▶ [Exercise brief]
Go through the listing below and repeat it exactly, omitting each picture.

▶ [Supplied information]
[Start of Attachment]
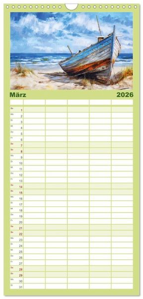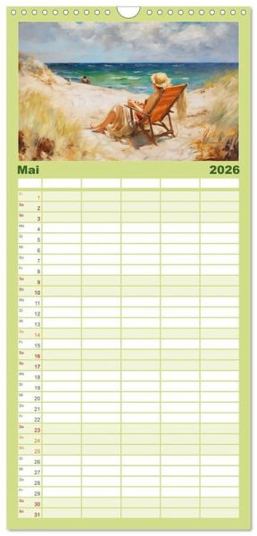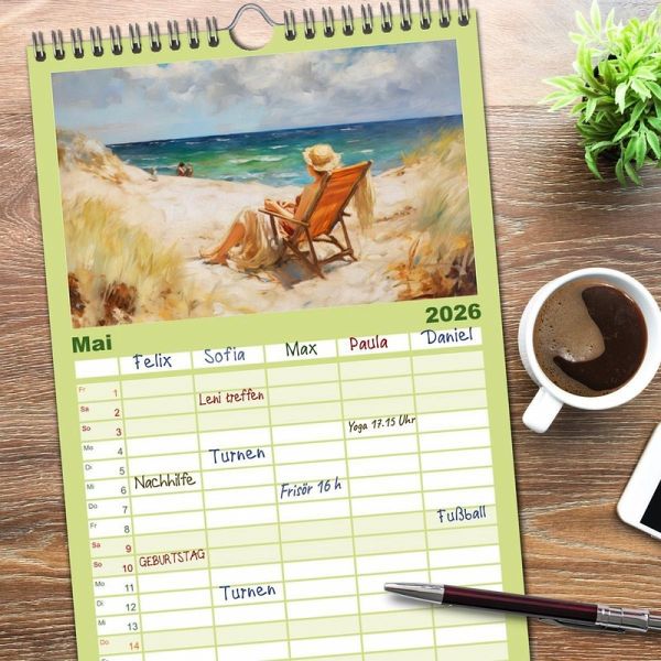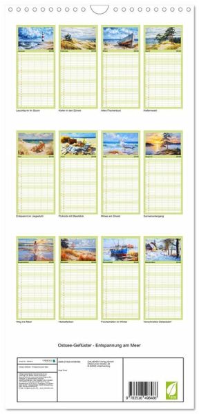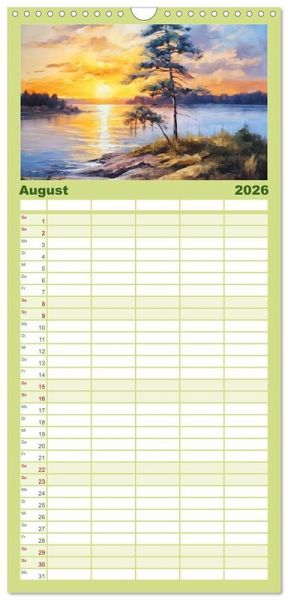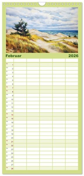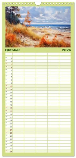 PRAKTISCH - übersichtlicher Familienkalender mit 5 Spalten für bis zu 5 Personen für mehr Struktur im Alltag - so bleiben alle Termine im Blick!ÜBERSICHTLICH - mit farblich getrennten Wochen- und Feiertagen. Die einzelnen Felder bieten genügend Platz für Eintragungen. So macht Organisieren Spaß!FANTASTISCHE BILDER - Dieser Planer ist nicht nur eine nützliche Hilfe im Alltag, sondern schmückt gleichzeitig Ihr Zuhause. Ideal auch als Geschenk.FÜR ALLE STIFTE GEEIGNET - ganz egal, ob Sie lieber mit Kugelschreiber oder Bleistift schreiben.NACHHALTIG - deutliche Abfallreduzierung durch bedarfsgerechte Einzelstückfertigung, umweltfreundliches FSC-zertifiziertes Papier, Produktion in Deutschland, klimabewusste Logistik.Die beruhigende Schönheit der Ostsee im Ölmalstil von Autor(in): Anja Frost
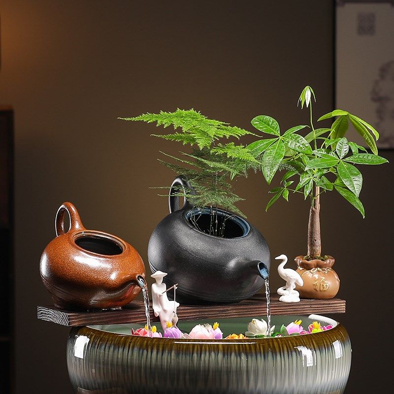 简约现代循环流水器陶瓷茶壶配件庭院水缸小造景搭配流水口装饰品
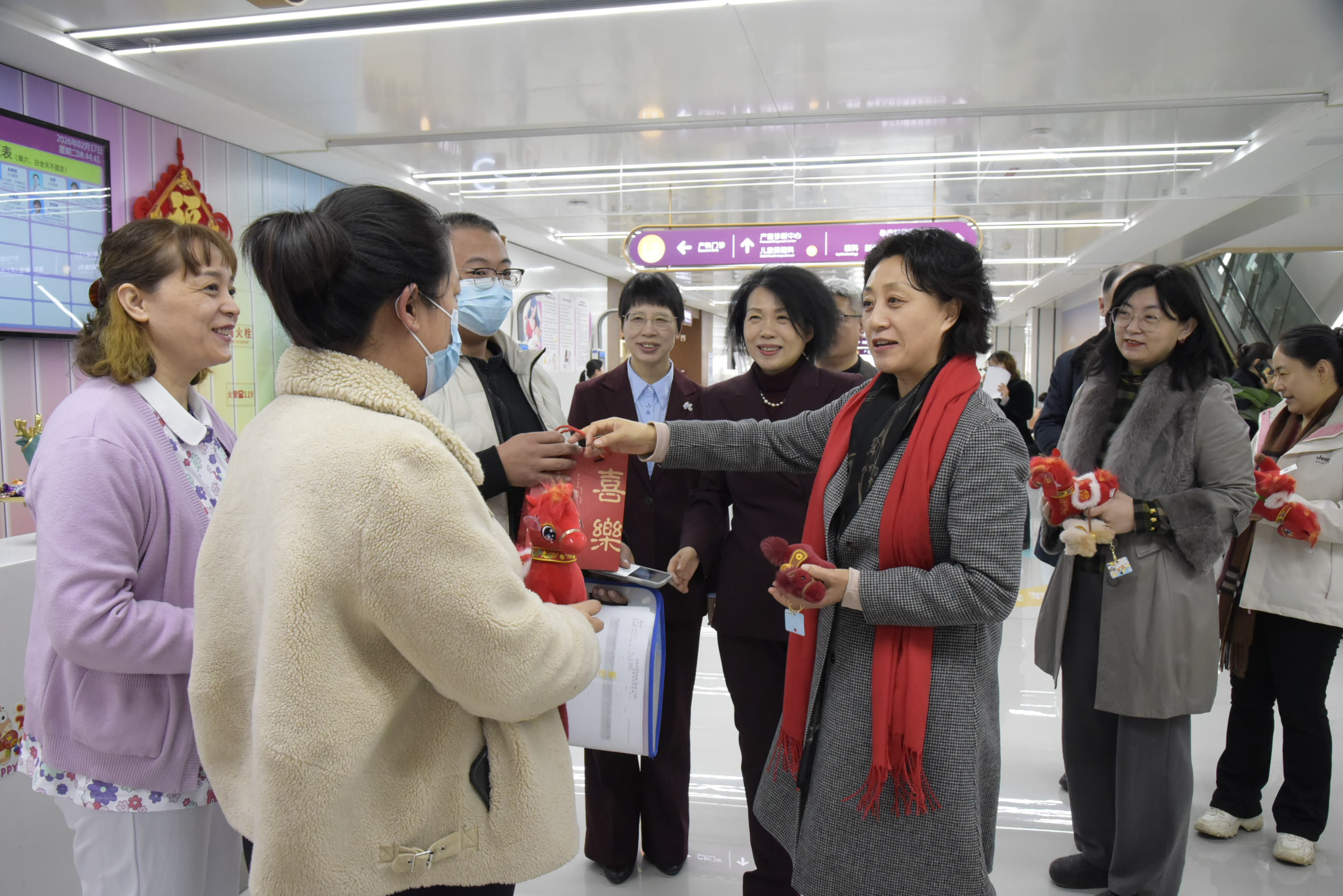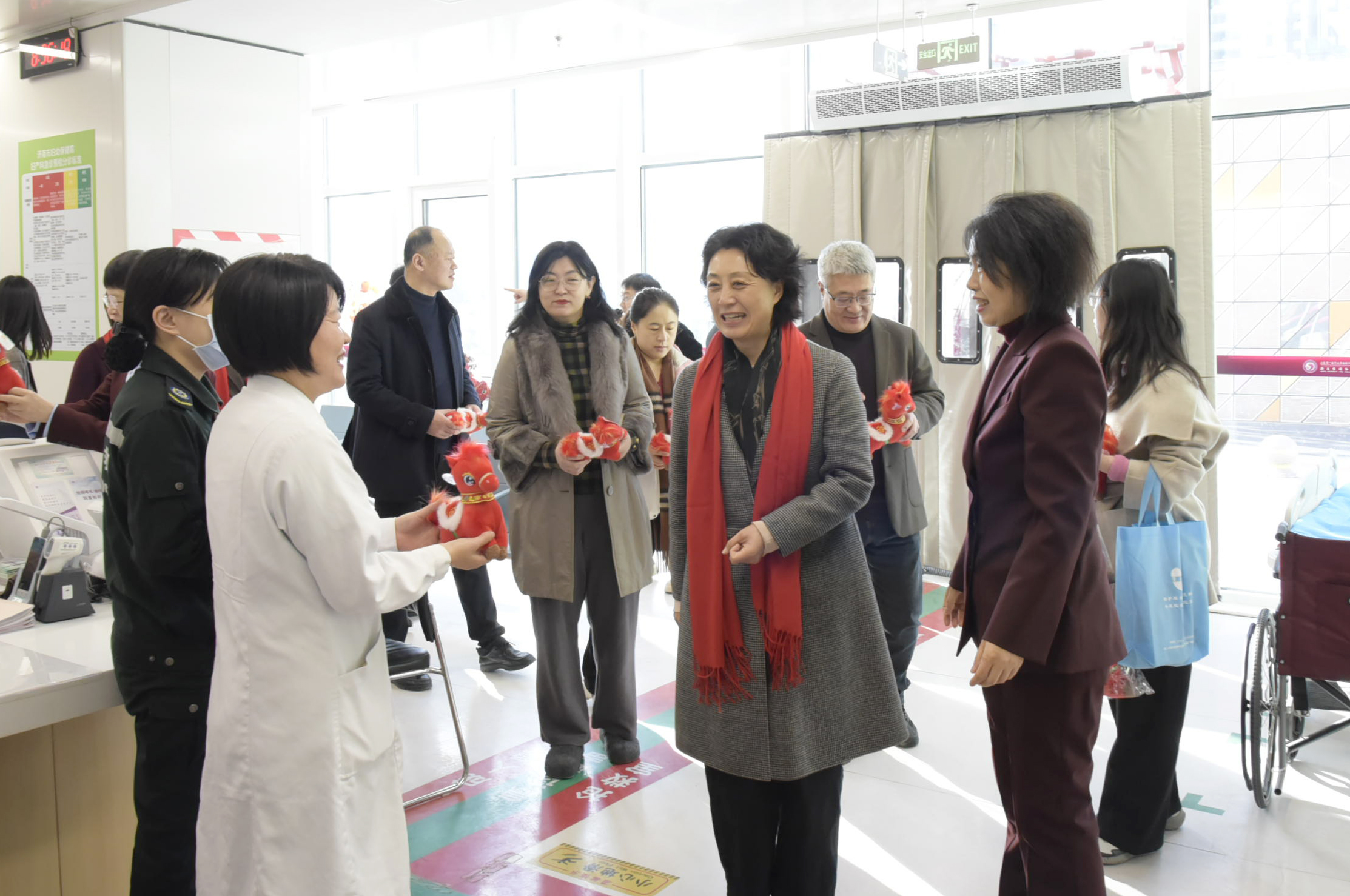 2月17日大年初一,济南市卫健委党组副书记,市计生协党组书记、常务副会长柏爱学;济南市卫健委爱卫办主任郭朝阳、职业健康处处长郭亚囡、离退休干部处处长郑大勇、团委副处长(二级调研员)韩蒙一行到济南市妇幼保健院,督导医疗服务管理情况、安全生产及平安医院建设,并慰问在一线值守岗位的工作人员和就诊患者,为他们送上新春的祝福。医院党委书记聂文英、院长韩炳娟及领导班子成员、相关科室负责人陪同慰问。
[End of Attachment]
▶ [Problem solution]
 PRAKTISCH - übersichtlicher Familienkalender mit 5 Spalten für bis zu 5 Personen für mehr Struktur im Alltag - so bleiben alle Termine im Blick!ÜBERSICHTLICH - mit farblich getrennten Wochen- und Feiertagen. Die einzelnen Felder bieten genügend Platz für Eintragungen. So macht Organisieren Spaß!FANTASTISCHE BILDER - Dieser Planer ist nicht nur eine nützliche Hilfe im Alltag, sondern schmückt gleichzeitig Ihr Zuhause. Ideal auch als Geschenk.FÜR ALLE STIFTE GEEIGNET - ganz egal, ob Sie lieber mit Kugelschreiber oder Bleistift schreiben.NACHHALTIG - deutliche Abfallreduzierung durch bedarfsgerechte Einzelstückfertigung, umweltfreundliches FSC-zertifiziertes Papier, Produktion in Deutschland, klimabewusste Logistik.Die beruhigende Schönheit der Ostsee im Ölmalstil von Autor(in): Anja Frost
 简约现代循环流水器陶瓷茶壶配件庭院水缸小造景搭配流水口装饰品
 2月17日大年初一,济南市卫健委党组副书记,市计生协党组书记、常务副会长柏爱学;济南市卫健委爱卫办主任郭朝阳、职业健康处处长郭亚囡、离退休干部处处长郑大勇、团委副处长(二级调研员)韩蒙一行到济南市妇幼保健院,督导医疗服务管理情况、安全生产及平安医院建设,并慰问在一线值守岗位的工作人员和就诊患者,为他们送上新春的祝福。医院党委书记聂文英、院长韩炳娟及领导班子成员、相关科室负责人陪同慰问。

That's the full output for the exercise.